菊花听了满心疑惑,忽地脑中浮现刘三顺的面容刘小妹嘴里不错的男娃,除了她自家哥哥准没旁人。

她便轻笑了一声,白了她一眼道:“不错的男娃咱村多着哩,可我只能嫁一个。槐子是不同的我跟他也熟。”

刘小妹就焉了,她轻蹙眉头,对菊花道:“菊花,我跟你说实话吧,我三哥也喜欢你哩。可是,他没想到你这么快就要跟槐子定亲,他还想着要好好地攒些钱再跟你爹提亲哩。如今,你就要跟槐子定亲了,他还不死心,就想当面问你一句准话:你是不是非嫁槐子不可?我三哥犟起来是很倔的,我求你去跟他说说,就算不能答应他,也帮我好好开解他一番。你放心,我不能害你的我家人都离开了,就我跟三哥在家。”

菊花听愣了,刘三顺喜欢她?

这可是没想到的事了。她怀疑地想道自己不是丑女么,咋除了张槐还有旁人喜欢哩?

不过,听刘小妹说想请她去开解她三哥,她还是有些犹豫了,她到底要不要信任刘家人呢?

看着刘小妹期盼的眼神,想着刘三顺笑得一团喜气的圆脸,她最终还是点点头道:“好吧,我试试看。不过小妹,我就快定亲了,这么单独去见你哥真的很不合适哩。我让我哥陪我一块去好么?我哥也不是多话的人。不然要是我爹娘晓得我这么跑到你家,就为了跟你哥见面说话,该骂我不懂事哩。”她决定还是叫上青木,不是不信任刘家人,有时候会有意想不到的巧合和意外发生,那时长十张嘴也说不清了。

刘小妹点点头道:“也好!这样我也放心些。我也不想你为难哩要不也不能跟你说实话了。”

菊花感动地瞧着她,微笑道:“我当然是信你的。可是人要是倒霉起来,喝凉水也塞牙缝。要是再碰见一个小年媳妇那样的,咱两家都说不清,白受气。叫上我哥有个防备,咱说话也安心。你说是吧?”

小妹高兴地点头道:“嗳!我爹也这么说,他连我二嫂都打发走了哩。
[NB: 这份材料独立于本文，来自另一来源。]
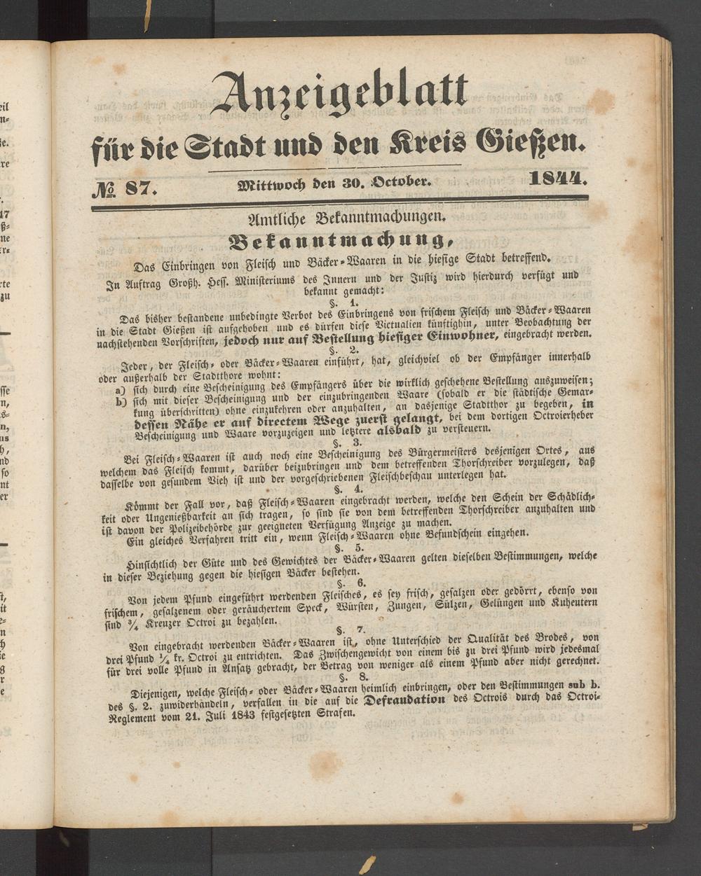 Anzeigeblatt für die Provinzialhauptstadt Gießen. 1840-1867

”

于,菊花跟青木细细地说了原委,让他陪自己去一趟刘家。

青木听了郁闷的很,心道这个刘三顺还真是犟,人家都要定亲了,你还有啥想不通的?按说菊花不该管这事,难不成每个拒婚的人都要闺女去解释一番,那成个啥样子?

可是刘家跟自家交情不一般,三顺也是个良善的,去开解他也说得过去。妹妹还是谨慎的,晓得叫上自己,没冒冒失失地就独自过去了。

于是,青木和菊花就跟刘小妹去了刘家。

当刘三顺和菊花见面后,他既觉得开心,又有些失落,晓得这事怕是难挽回了。

菊花也不忸怩,自顾自地抬脚就上了他家的火桶,先把保暖措施做好。刘三顺见了,忙又递给她一个小火坛子,让她烘手。

她接过来并道了谢。刘三顺就沉默了。

菊花看着这个本来很活泼喜气的少年,暗叹了口气,心道青少年的思想工作不好做啊!她咳嗽了一声,问道:“三顺哥,你不是有话要跟我说么?”

刘三顺正在心里紧张地措辞,听了菊花的问话,猛地抬头,直视着菊花的眼睛,认真地问道:“菊花,槐子先前都不乐意娶你你为啥还要嫁他?”

菊花听了一呆,想了好一会,才反问道:“三顺哥,你为啥喜欢我哩?”

刘三顺万没想到菊花就这样当面问他这个,一时间就很狼狈,脸涨得通红,吭哧了半天也没憋出句完整的话来。

菊花却轻笑道:“你一定是想:菊花虽然长得丑点,可是她温柔又贤惠,又能干,这样的媳妇娶家来,肯定能把日子过好了,长得好看又不能当饭吃。是不是这样?”

刘三顺诧异极了——这话就跟自己告诉她的一样。

菊花一见他的表情,就晓得自己说对了,于是笑道:“三顺哥,我不晓得你啥时候起的这念头,又是为啥起这念头。可是你想过没有,咱村好些女娃子都‘温柔贤惠能干,哩,难道她们都不值当你喜欢?”

刘三顺慌忙摇头道:“她们能干跟我有啥关系哩!”

菊花就问道:“那我问你,要是三年前,有媒人上门为我提亲·你会答应娶我么?你要好好的想当初的心情,不要用现在的心思去想。”

刘三顺就想道,三年前么,自己会不会娶菊花哩?

那时候还不大认得菊花·只晓得她是个丑女娃,不过很勤快很文静很乖巧,可是,她很勤快文静乖巧,那自己也不能就娶她呀,村里勤快贤惠的女娃多着哩。

他忽觉大脑“轰然”一声响——这不就是槐子当初说的话么!他脸色煞白,被这个想法惊呆了。他可以确定自己不是嫌弃菊花丑·但当时肯定不会答应那门亲事。至于为啥?这如何能说出理由来?如今自己不也是对其他的女娃子都不上心么。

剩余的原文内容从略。